(MATERIAL PROVIDED)
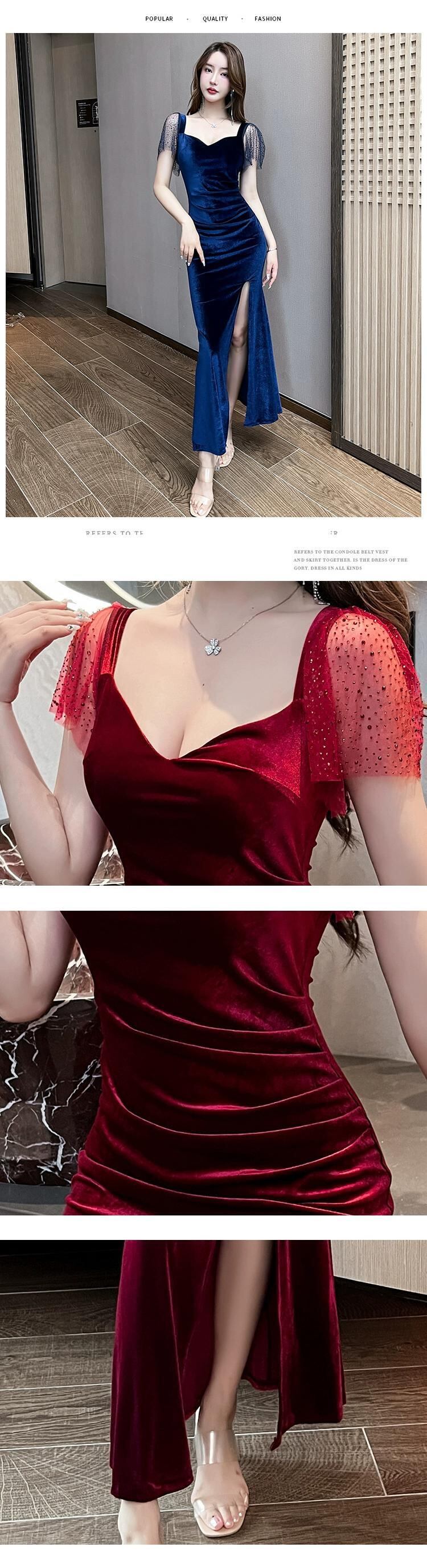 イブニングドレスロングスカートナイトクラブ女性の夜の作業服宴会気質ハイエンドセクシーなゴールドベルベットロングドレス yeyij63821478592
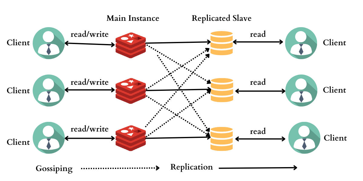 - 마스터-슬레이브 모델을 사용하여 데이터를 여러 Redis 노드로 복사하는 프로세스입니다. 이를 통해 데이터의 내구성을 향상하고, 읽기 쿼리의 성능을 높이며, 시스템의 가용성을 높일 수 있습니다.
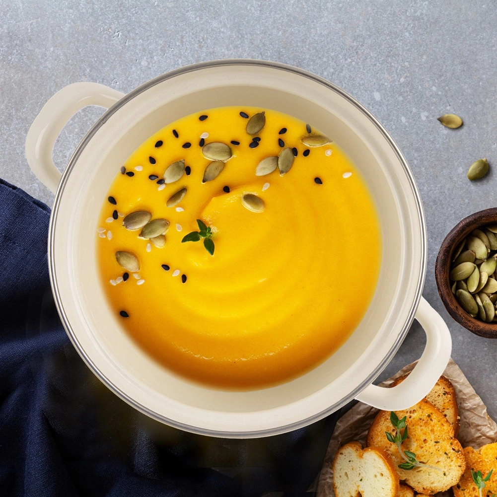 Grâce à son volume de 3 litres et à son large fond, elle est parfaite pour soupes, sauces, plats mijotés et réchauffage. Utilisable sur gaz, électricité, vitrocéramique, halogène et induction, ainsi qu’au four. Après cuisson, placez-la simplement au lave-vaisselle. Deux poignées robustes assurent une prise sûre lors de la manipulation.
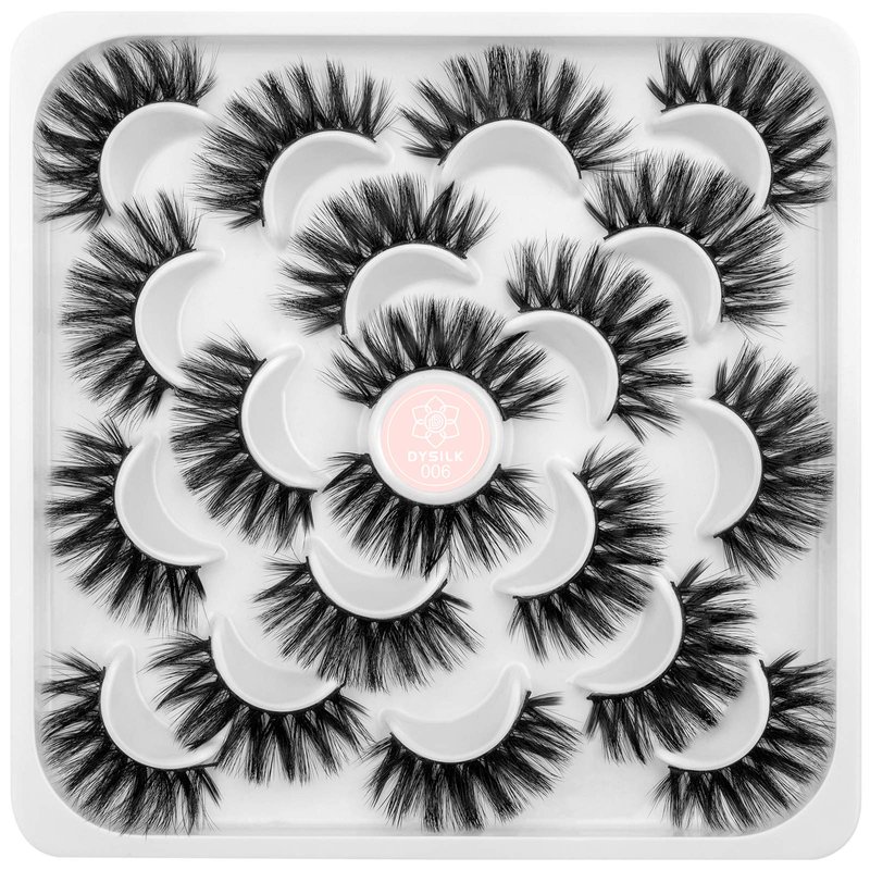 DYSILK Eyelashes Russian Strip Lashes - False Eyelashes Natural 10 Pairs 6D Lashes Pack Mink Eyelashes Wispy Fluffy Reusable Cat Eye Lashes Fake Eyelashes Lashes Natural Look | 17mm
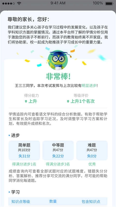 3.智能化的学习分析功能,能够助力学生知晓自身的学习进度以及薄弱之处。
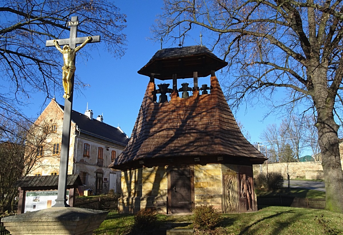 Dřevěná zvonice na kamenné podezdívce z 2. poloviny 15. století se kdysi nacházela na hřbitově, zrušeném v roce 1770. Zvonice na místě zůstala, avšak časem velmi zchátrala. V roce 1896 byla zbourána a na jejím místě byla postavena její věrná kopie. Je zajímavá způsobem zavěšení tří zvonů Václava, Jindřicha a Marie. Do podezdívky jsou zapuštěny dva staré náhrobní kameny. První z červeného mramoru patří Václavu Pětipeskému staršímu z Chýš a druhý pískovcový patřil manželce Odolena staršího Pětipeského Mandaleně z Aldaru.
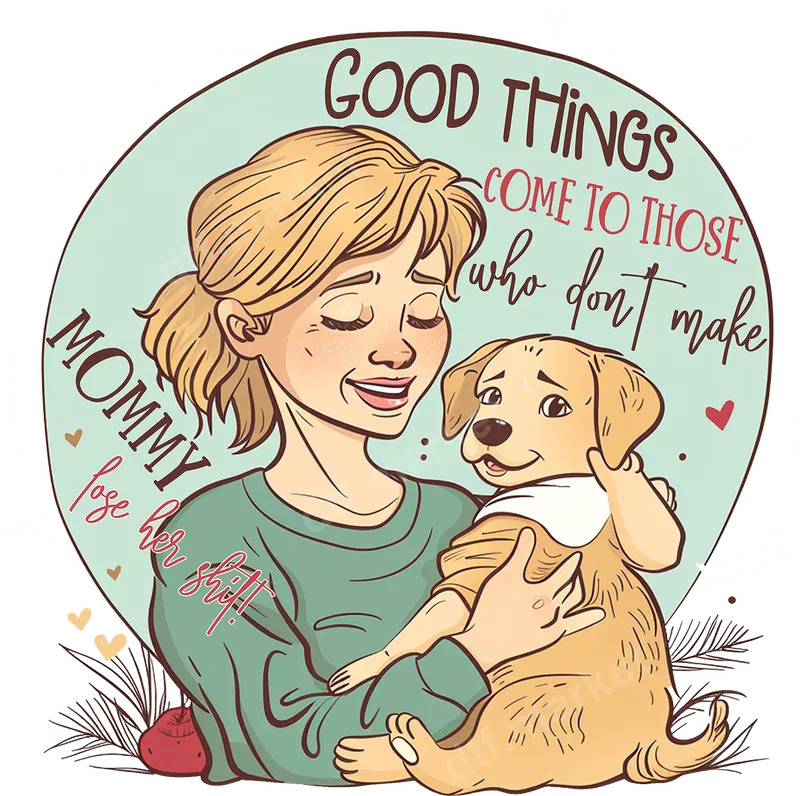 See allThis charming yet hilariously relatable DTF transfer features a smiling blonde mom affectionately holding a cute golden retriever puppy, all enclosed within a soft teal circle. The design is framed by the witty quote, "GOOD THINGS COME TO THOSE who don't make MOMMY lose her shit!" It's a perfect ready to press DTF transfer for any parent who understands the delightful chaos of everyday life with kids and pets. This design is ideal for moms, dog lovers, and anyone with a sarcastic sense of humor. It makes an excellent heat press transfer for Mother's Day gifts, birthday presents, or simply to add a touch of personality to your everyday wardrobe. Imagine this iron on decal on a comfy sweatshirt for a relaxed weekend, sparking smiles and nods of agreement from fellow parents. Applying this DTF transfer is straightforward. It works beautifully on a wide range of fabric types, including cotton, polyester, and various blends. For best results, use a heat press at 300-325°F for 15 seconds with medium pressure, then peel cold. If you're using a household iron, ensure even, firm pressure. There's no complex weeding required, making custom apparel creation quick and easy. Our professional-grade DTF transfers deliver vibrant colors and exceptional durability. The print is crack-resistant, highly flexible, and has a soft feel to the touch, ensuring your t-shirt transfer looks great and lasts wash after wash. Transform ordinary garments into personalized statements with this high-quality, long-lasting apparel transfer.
(End MATERIAL PROVIDED)
(MATERIAL PROVIDED)
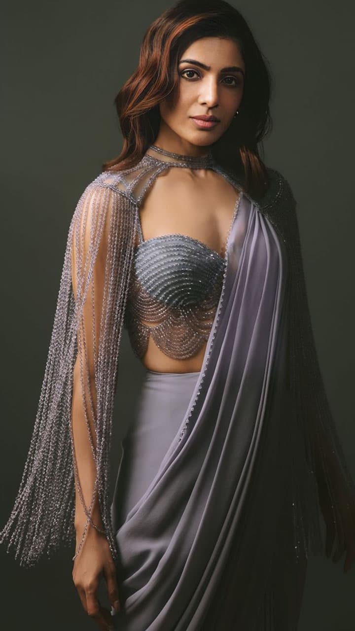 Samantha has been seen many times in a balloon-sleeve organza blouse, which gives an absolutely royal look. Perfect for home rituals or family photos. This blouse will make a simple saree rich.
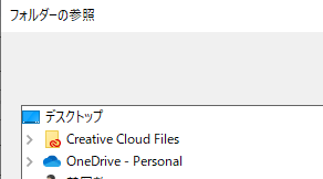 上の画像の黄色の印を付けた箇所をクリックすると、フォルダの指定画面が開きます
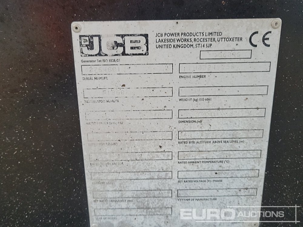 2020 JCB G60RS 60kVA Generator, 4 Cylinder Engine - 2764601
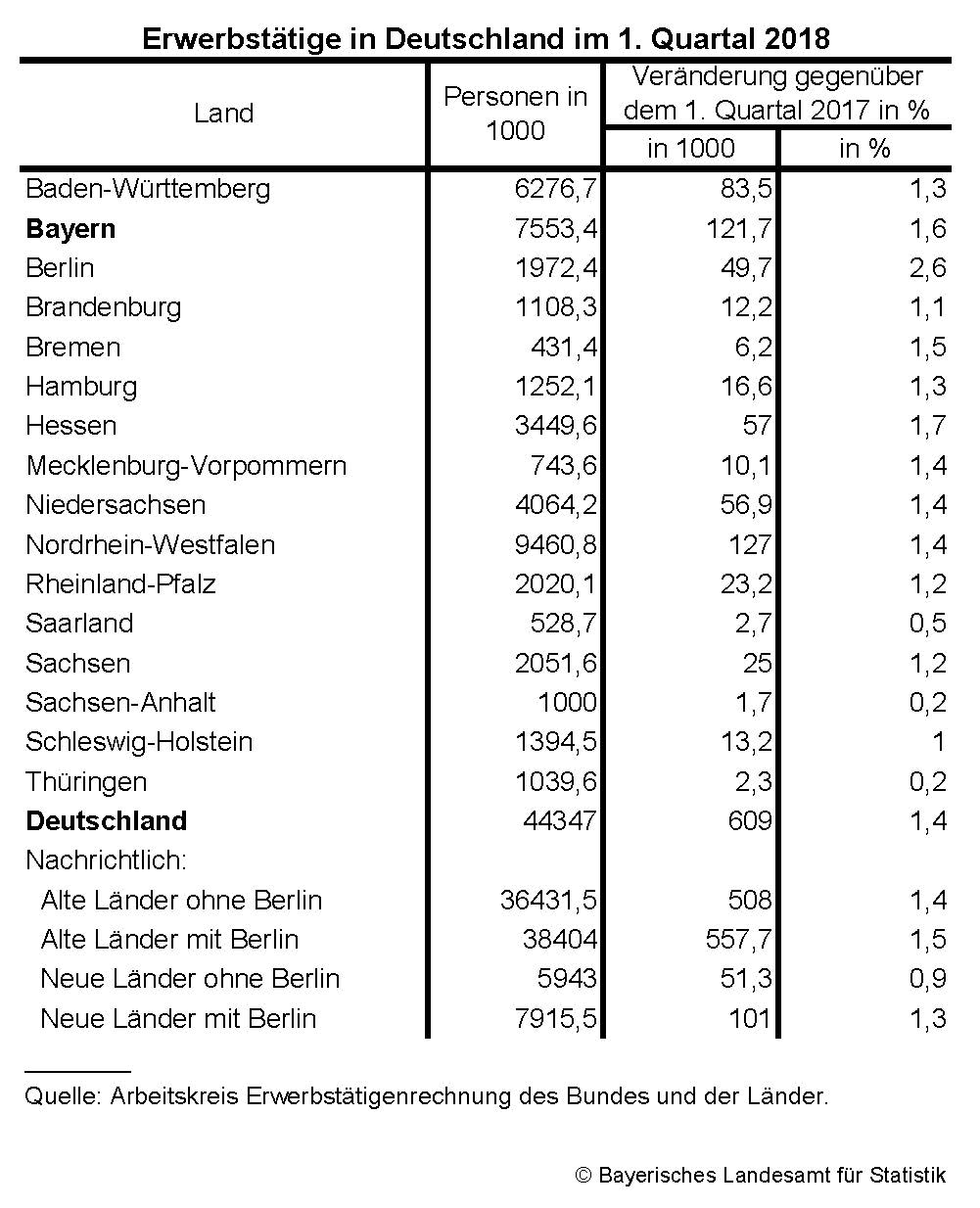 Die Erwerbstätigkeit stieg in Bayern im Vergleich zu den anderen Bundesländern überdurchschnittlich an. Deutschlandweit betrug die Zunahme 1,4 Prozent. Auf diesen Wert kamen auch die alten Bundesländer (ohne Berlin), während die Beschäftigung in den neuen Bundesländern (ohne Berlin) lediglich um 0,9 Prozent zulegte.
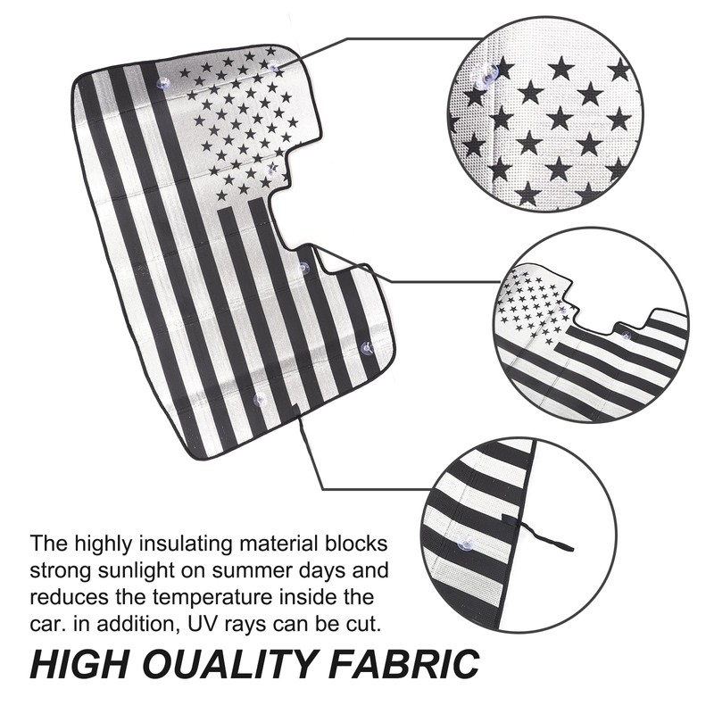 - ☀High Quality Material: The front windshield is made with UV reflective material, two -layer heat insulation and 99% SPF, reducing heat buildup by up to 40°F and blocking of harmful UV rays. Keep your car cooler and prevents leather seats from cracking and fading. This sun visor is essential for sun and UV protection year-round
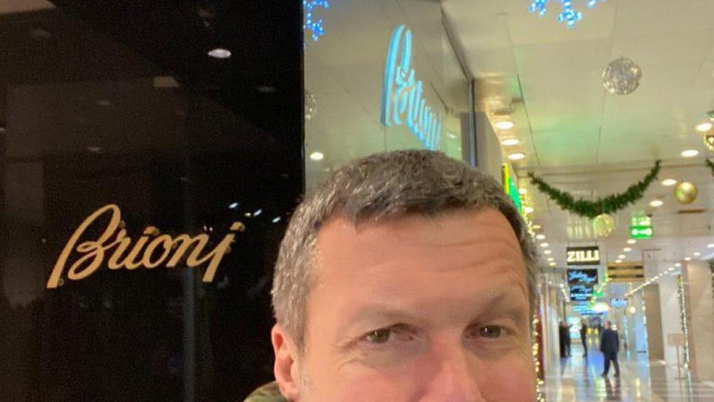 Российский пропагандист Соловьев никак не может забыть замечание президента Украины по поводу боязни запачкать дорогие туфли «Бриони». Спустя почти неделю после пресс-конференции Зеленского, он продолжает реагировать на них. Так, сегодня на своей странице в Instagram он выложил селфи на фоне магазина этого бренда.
(End MATERIAL PROVIDED)
## YOUR INSTRUCTIONS
In the listing above, find the line containing "上の画像の黄色の印を付けた箇所をクリックすると、フォルダの指定画面が開きます" and the line containing "- ☀High Quality", then print exactly those two lines and every line between them, minus the pictures.

## COMPLETED EXERCISE
 上の画像の黄色の印を付けた箇所をクリックすると、フォルダの指定画面が開きます
 2020 JCB G60RS 60kVA Generator, 4 Cylinder Engine - 2764601
 Die Erwerbstätigkeit stieg in Bayern im Vergleich zu den anderen Bundesländern überdurchschnittlich an. Deutschlandweit betrug die Zunahme 1,4 Prozent. Auf diesen Wert kamen auch die alten Bundesländer (ohne Berlin), während die Beschäftigung in den neuen Bundesländern (ohne Berlin) lediglich um 0,9 Prozent zulegte.
 - ☀High Quality Material: The front windshield is made with UV reflective material, two -layer heat insulation and 99% SPF, reducing heat buildup by up to 40°F and blocking of harmful UV rays. Keep your car cooler and prevents leather seats from cracking and fading. This sun visor is essential for sun and UV protection year-round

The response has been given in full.